4: 319824 -> South Korea,Brazil,Russian Federation,India,Mexico,United States of America,Turkey,Japan,Bangladesh

5: 268698 -> Bangladesh,Nigeria,Russian Federation,United States of America

6: 264709 -> Russian Federation,United States of America,Germany,Bangladesh,Nigeria,South Africa

7: 227612 -> South Africa,United States of America,Russian Federation,Brazil,South Korea,Germany
...
...
167: 58 -> Mexico,Chile,Uganda,Thailand,Ivory Coast,Antigua and Barbuda,Palau,Luxembourg,United States of America,British Virgin Islands,Iceland,Andorra,Samoa,Vanuatu,Botswana,Saint Lucia,Kiribati,Greenland

168: 69 -> Greenland,Iceland,Chile,Zambia,Estonia,Vanuatu,Cyprus,Malta,Saudi Arabia,Japan,Uruguay,Qatar,United States of America,Luxembourg,Peru,Belize,Papua New Guinea,Samoa,South Sudan

169: 61 -> Myanmar,Belize,Chile,Somalia,Bhutan,Luxembourg,Liberia,Norway,United Kingdom,Burkina Faso,Lithuania,Macedonia,Belgium,Vanuatu,Burundi,DR Congo,Montenegro,Central African Republic,Bosnia and Herzegovina

170: 36 -> Mauritania,Sierra Leone,Hungary,Zambia,Somalia,Federated States of Micronesia,Serbia,Liberia,Nepal,Chile,Israel,Ukraine,Montenegro,Yemen,Croatia,Central African Republic,Armenia,Andorra,United Arab Emirates,Mauritius,Albania,Lebanon,Macedonia

171: 25 -> Spain,Comoros,Libya,Peru,Latvia,Montenegro,Egypt,Malaysia,Central African Republic,Faroe Islands,Tanzania,Palau,Chad,Guatemala,Kiribati,Burundi,Luxembourg,Equatorial Guinea,Barbados,Belgium

172: 14 -> Vietnam,Tanzania,Hungary,Egypt,Comoros,Equatorial Guinea,Guinea-Bissau,Moldova,Macedonia,Guyana,Federated States of Micronesia,New Zealand,Chad

可以看出,数据没有被均匀地划分,并且具有 173 个分区。

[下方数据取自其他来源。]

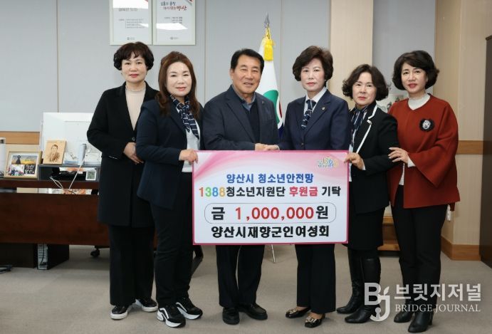 브릿지저널 김경미 기자 | 양산시 재향군인여성회(회장 전정애)는 30일 양산시를 방문해 후원금 100만 원을 양산시청소년상담복지센터 1388청소년지원단에 기탁했다.

数据约为6 GB,其中包含一周的数据。如果我尝试通过做 1000分区来运行单个国家/地区,那么它会起作用,但在一起却不起作用。

我正在考虑编写一个自定义分区程序,但是我不知道如何为更大的国家/地区划分数据。如果有人可以帮助我,那就太好了。

1 个答案:

答案 0 :(得分:0)

在继续编写自己的自定义分区程序之前,可以尝试以下操作: 由于您已经知道哪些国家/地区歪斜了数据,因此您可以为所述国家/地区创建一个组合键,在某个范围内随机附加数字(对于更偏斜的数据,范围更大)。您可以在该键上进行聚合,然后放下组合键并进一步进行聚合。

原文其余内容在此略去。